AstraZeneca $AZN has found a way to jump out in front of a pack of heavyweight PD-1/L1 rivals duking it out for a big piece of the blockbuster lung cancer market.
The day after Pfizer and Merck KGaA were forced to throw in the towel on a pivotal second-line lung cancer study for Bavencio, the FDA handed the UK pharma giant an approval to market Imfinzi to patients whose stage III non-small cell lung cancer hasn’t progressed after chemoradiation and whose tumors can’t be surgically removed.
“This is the first treatment approved for stage III unresectable non-small cell lung cancer to reduce the risk of the cancer progressing, when the cancer has not worsened after chemoradiation,” said FDA cancer czar Richard Pazdur. And now patients have a better shot at prolonged survival than they had before.

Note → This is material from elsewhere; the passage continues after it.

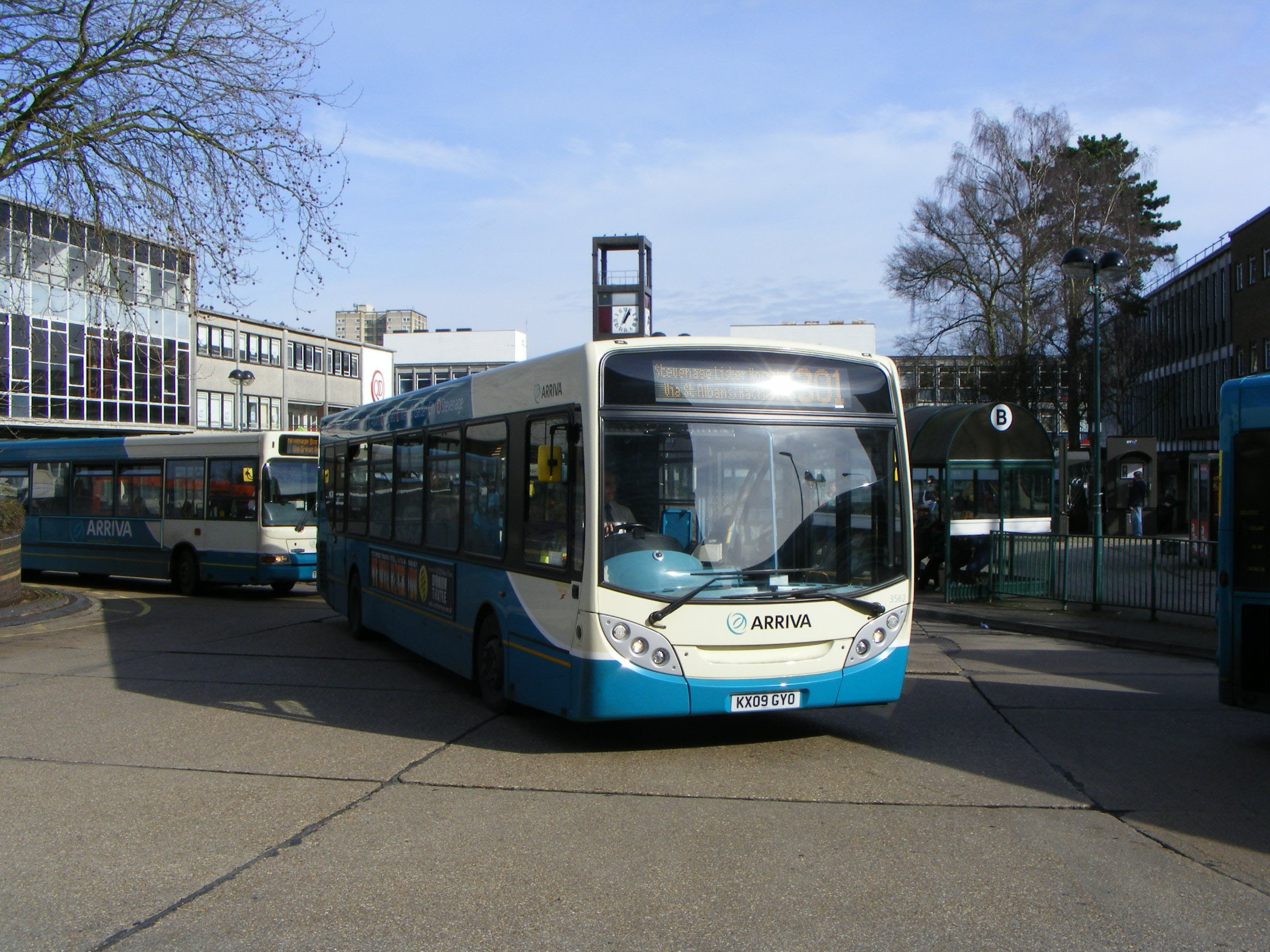 In February 2011 3562 (KX09GYO) is seen in Stevenage Bus Station having almost completed its two hour run from Hemel Hempstead.

How important is this for AstraZeneca?
CEO Pascal Soriot put it in perspective last fall when he said: “We’re going to be first in half the pool in lung cancer.”
The approval only 5 months after the data were unveiled underscores the FDA’s desire to push through cancer drugs from top players like this at an unprecedented speed, when the data comes up in their favor. It also is a prospective major commercial win for AstraZeneca, which turned to this success to salve the bitter sting of the big MYSTIC failure last summer for the pairing of Imfinzi and their in-house CTLA-4 tremelimumab.
Their PACIFIC data in the fall helped mollify investors, reviving hope that AstraZeneca revenue may still be down, but it’s making major strides on cancer that could turn it around for the company this year.
AstraZeneca believes it can hold on to this segment of the market for some time before a rival shows up, which would earn kudos for trial strategy where the major players like Merck and Bristol-Myers Squibb have been pulling out all the stops.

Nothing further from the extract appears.